◆ Requirement
A word-for-word copy of the data is what's wanted, with no pictures.

◆ Information supplied

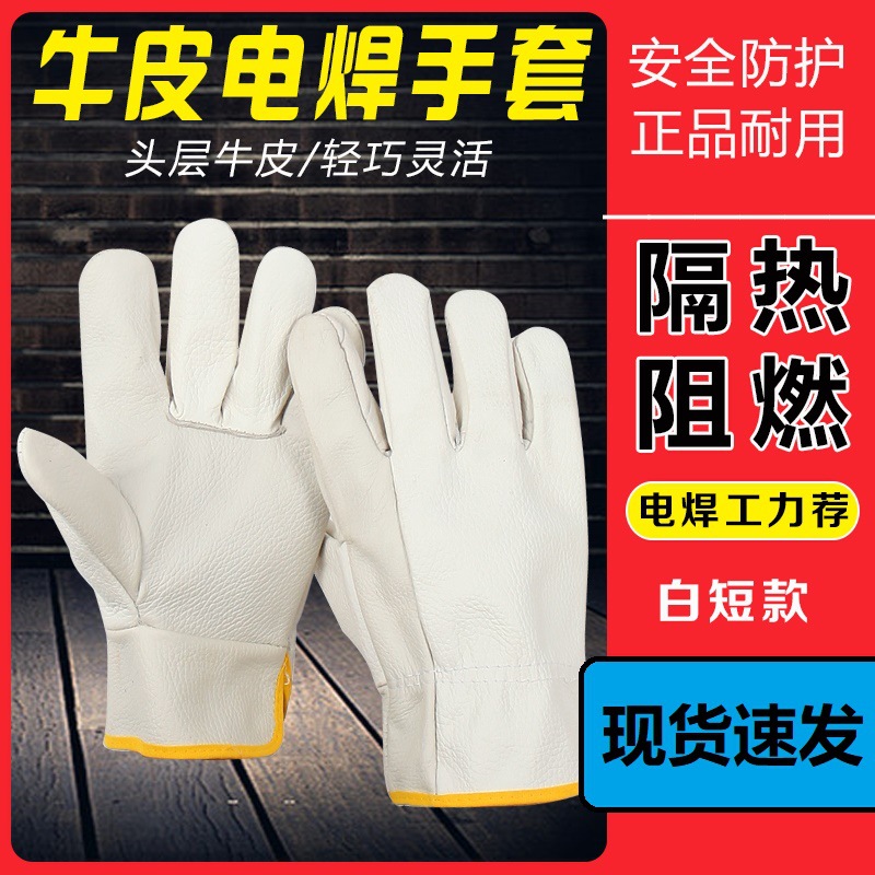 도매 소가죽 용접 장갑 헤드 레이어 소가죽 짧은 미끄럼 방지 내마모성 단열 난연성 용접 장갑스토어 가기
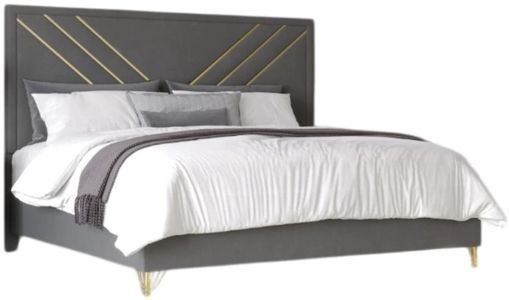 Trendsetting gold metal and mylar accents dazzle against the ultra-soft gray fabric drawer fronts, while intricate detailing adds a touch of sophistication to the elegantly designed legs.
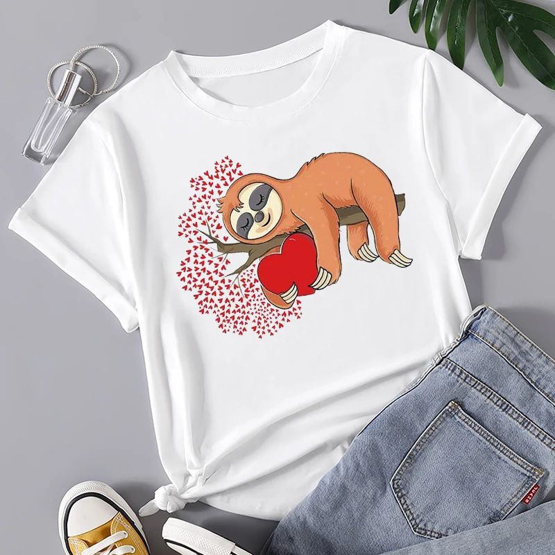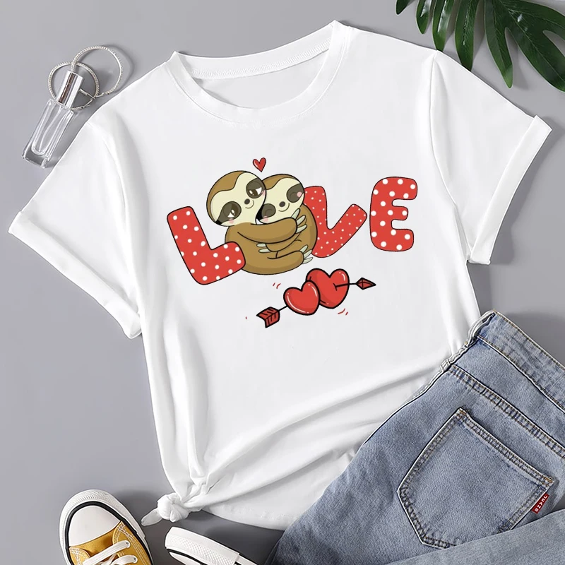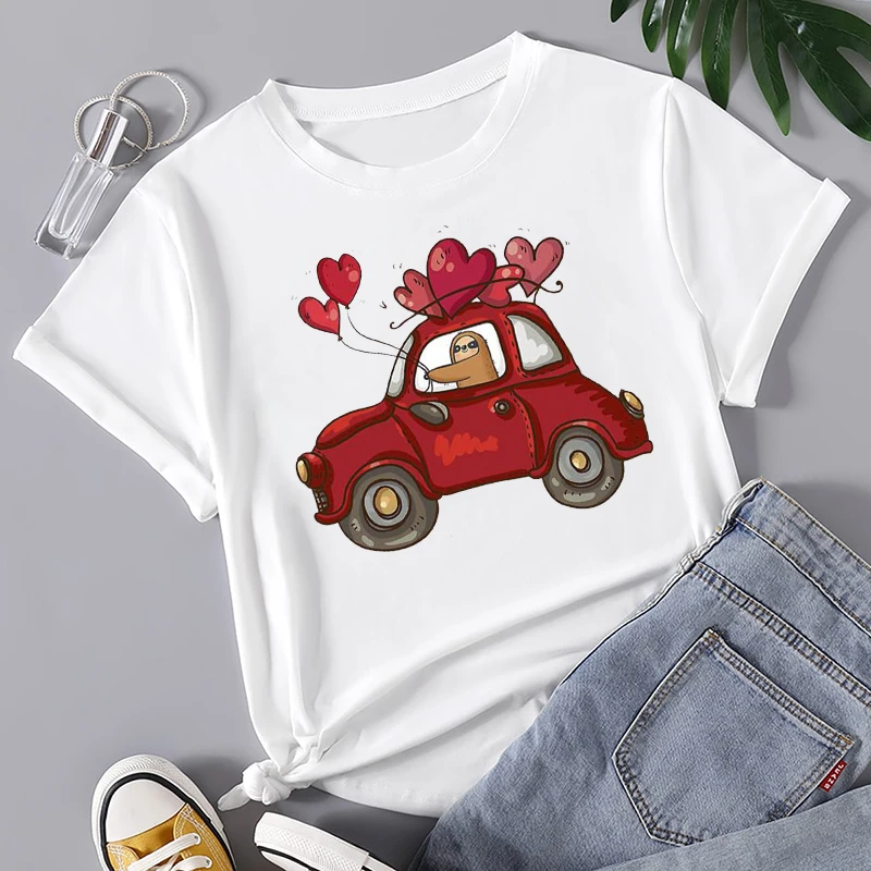 Женские Летние повседневные футболки с мультяшным принтом сердца, м...

◆ Exercise response
 도매 소가죽 용접 장갑 헤드 레이어 소가죽 짧은 미끄럼 방지 내마모성 단열 난연성 용접 장갑스토어 가기
 Trendsetting gold metal and mylar accents dazzle against the ultra-soft gray fabric drawer fronts, while intricate detailing adds a touch of sophistication to the elegantly designed legs.
 Женские Летние повседневные футболки с мультяшным принтом сердца, м...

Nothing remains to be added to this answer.